• _INPUT MATERIAL_:

════════════════════

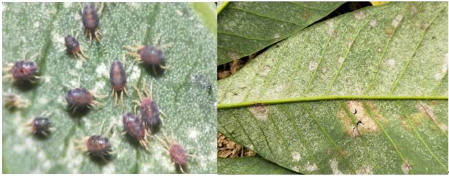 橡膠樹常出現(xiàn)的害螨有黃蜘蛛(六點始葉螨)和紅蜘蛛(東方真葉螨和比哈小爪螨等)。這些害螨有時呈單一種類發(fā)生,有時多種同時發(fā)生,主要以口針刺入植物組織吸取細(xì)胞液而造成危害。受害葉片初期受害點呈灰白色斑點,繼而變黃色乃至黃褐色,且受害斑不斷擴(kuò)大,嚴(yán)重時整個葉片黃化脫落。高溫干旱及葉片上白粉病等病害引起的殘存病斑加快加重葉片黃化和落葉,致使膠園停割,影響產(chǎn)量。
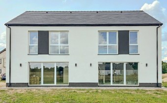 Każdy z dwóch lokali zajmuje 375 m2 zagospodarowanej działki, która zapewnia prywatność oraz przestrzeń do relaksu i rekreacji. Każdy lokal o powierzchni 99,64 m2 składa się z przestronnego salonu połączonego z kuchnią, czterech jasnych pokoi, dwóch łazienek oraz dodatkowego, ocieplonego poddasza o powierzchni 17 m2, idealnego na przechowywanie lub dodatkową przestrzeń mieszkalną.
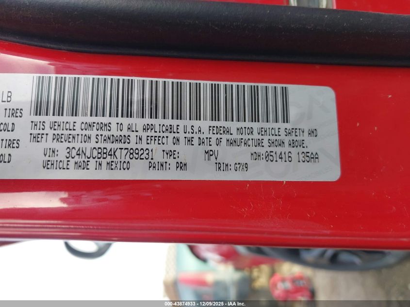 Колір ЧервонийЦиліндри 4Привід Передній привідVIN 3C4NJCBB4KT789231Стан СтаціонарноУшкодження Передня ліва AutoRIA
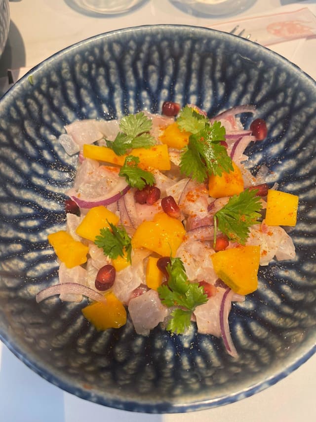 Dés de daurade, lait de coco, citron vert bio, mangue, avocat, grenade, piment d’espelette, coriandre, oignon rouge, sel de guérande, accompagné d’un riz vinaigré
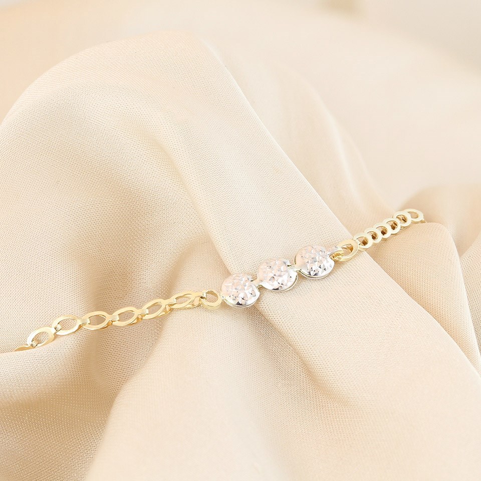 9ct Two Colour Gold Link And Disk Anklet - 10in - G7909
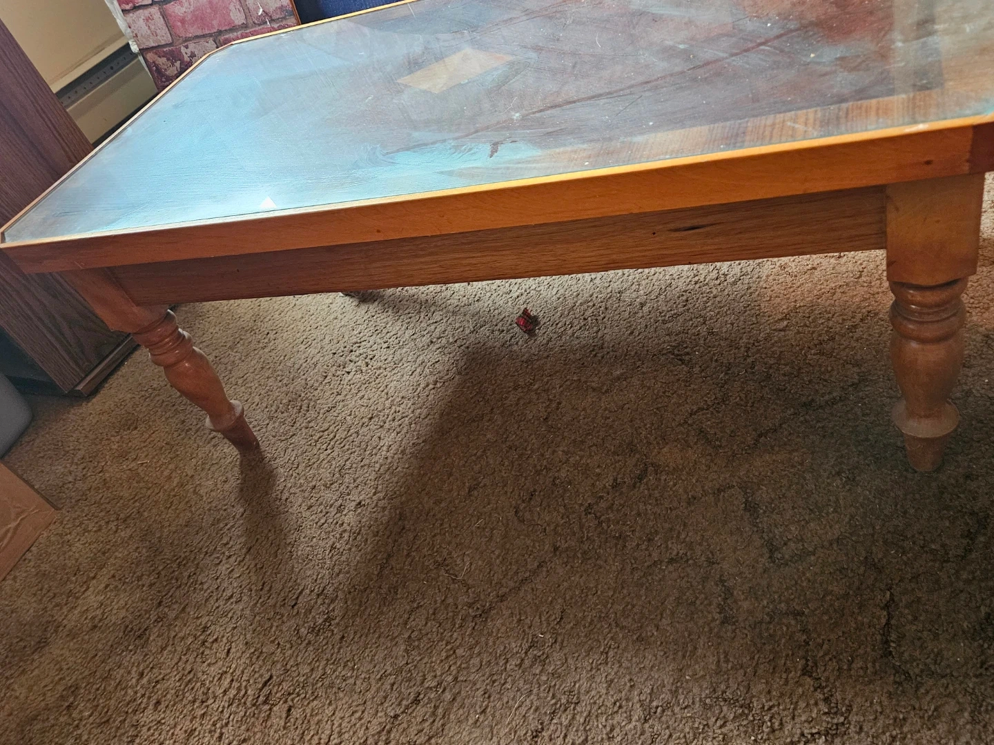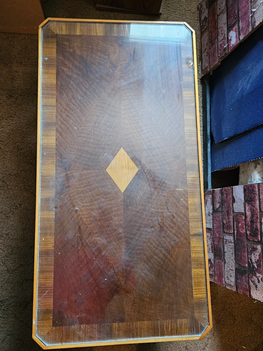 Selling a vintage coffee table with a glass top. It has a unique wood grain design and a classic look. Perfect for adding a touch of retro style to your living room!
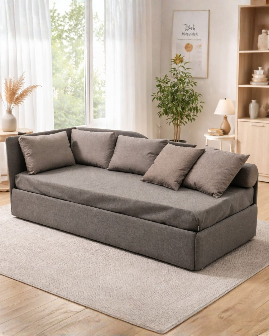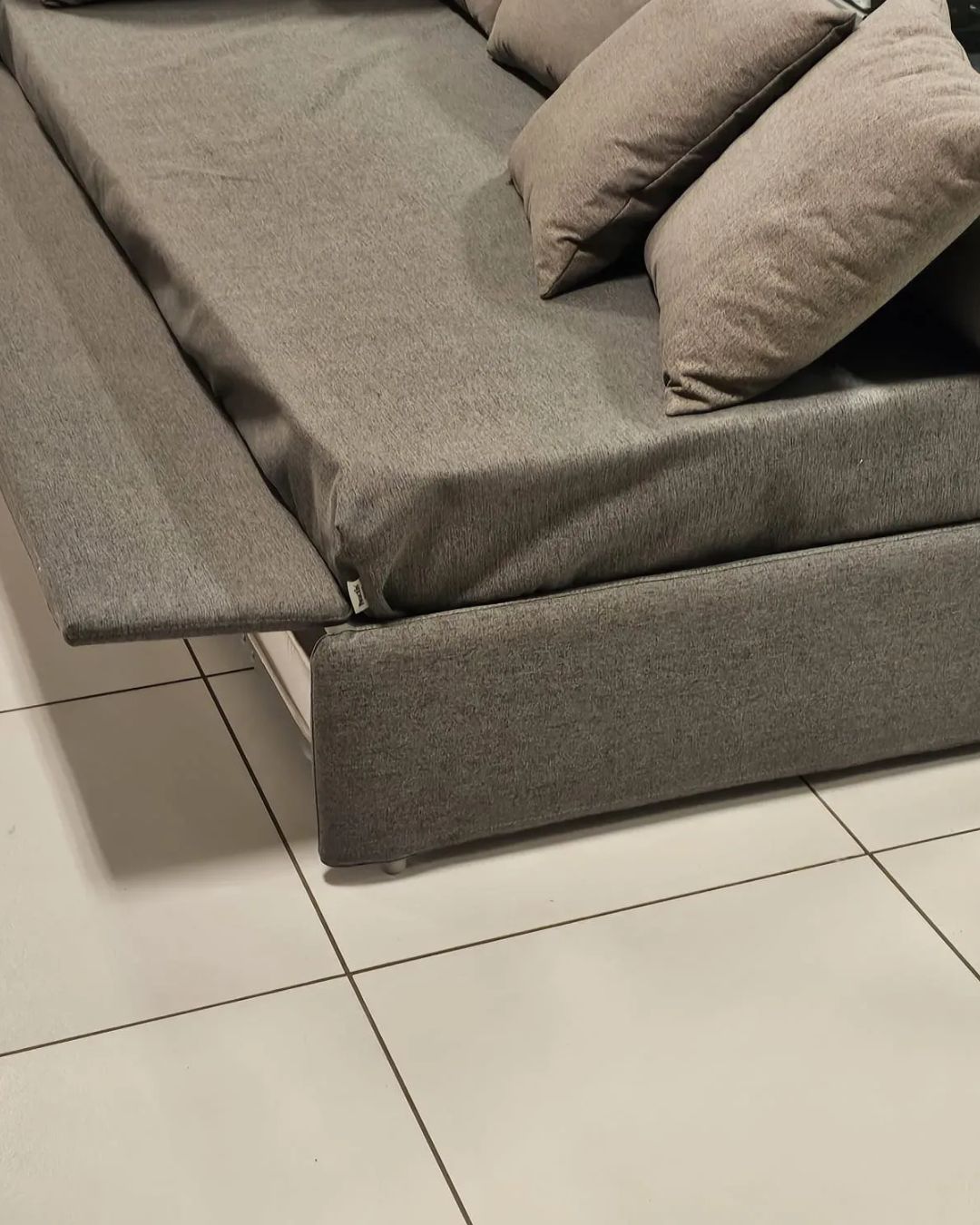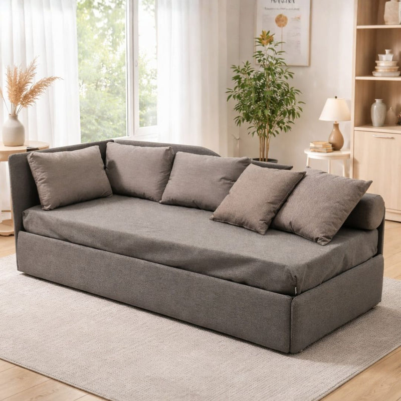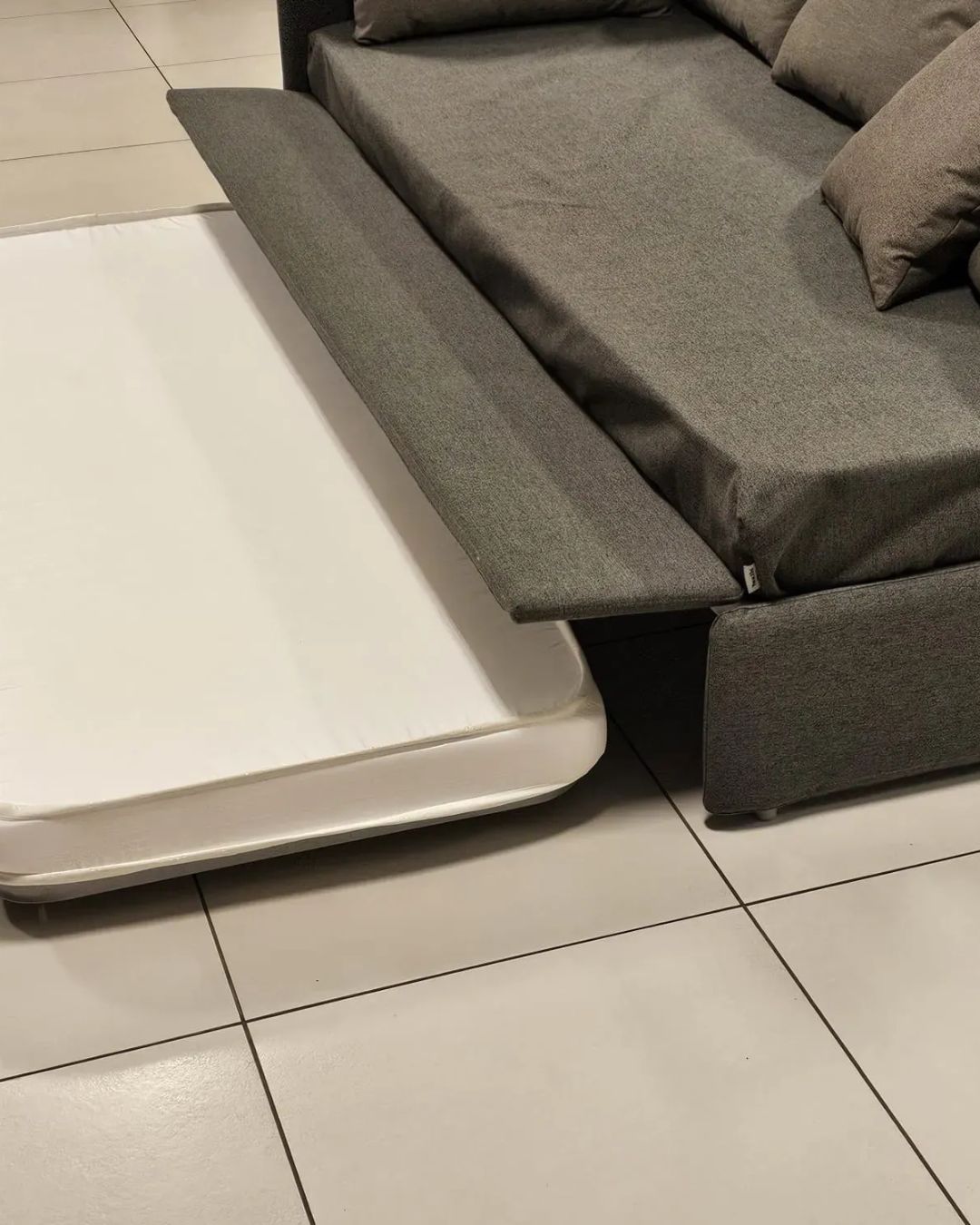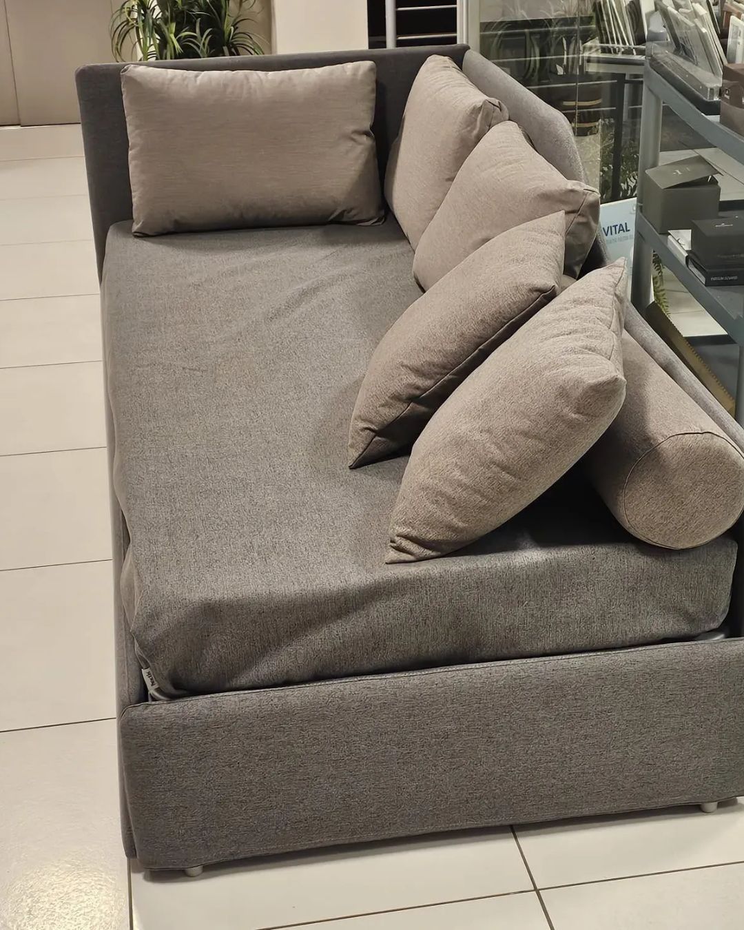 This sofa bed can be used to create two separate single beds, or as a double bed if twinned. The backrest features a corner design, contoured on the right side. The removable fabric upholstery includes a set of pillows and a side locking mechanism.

════════════════════

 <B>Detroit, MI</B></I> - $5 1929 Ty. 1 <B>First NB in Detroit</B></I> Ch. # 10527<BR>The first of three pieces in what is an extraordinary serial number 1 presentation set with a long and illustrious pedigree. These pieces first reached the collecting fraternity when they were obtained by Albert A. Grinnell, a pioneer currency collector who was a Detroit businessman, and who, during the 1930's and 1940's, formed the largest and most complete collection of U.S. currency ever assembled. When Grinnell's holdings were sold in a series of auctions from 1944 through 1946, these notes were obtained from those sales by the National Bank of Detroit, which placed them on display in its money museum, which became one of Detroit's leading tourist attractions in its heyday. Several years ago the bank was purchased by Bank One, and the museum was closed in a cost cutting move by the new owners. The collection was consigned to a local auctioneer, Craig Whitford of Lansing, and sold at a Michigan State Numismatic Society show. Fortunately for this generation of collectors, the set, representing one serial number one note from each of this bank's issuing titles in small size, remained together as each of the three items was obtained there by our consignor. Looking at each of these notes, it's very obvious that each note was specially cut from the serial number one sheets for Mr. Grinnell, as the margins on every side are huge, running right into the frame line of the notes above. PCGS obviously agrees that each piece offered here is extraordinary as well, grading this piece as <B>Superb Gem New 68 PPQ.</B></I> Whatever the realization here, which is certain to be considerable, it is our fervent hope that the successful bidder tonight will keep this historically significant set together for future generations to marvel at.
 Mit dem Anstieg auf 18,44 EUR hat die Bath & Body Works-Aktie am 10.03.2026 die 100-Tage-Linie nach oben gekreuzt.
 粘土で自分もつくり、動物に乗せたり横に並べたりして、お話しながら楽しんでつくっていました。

════════════════════

Beginning with the line above that contains "Колір ЧервонийЦиліндри 4Привід" and ending with the line that contains "This sofa bed", quote each line exactly, keeping out the pictures.

• _ANSWER AREA_:
 Колір ЧервонийЦиліндри 4Привід Передній привідVIN 3C4NJCBB4KT789231Стан СтаціонарноУшкодження Передня ліва AutoRIA
 Dés de daurade, lait de coco, citron vert bio, mangue, avocat, grenade, piment d’espelette, coriandre, oignon rouge, sel de guérande, accompagné d’un riz vinaigré
 9ct Two Colour Gold Link And Disk Anklet - 10in - G7909
 Selling a vintage coffee table with a glass top. It has a unique wood grain design and a classic look. Perfect for adding a touch of retro style to your living room!
 This sofa bed can be used to create two separate single beds, or as a double bed if twinned. The backrest features a corner design, contoured on the right side. The removable fabric upholstery includes a set of pillows and a side locking mechanism.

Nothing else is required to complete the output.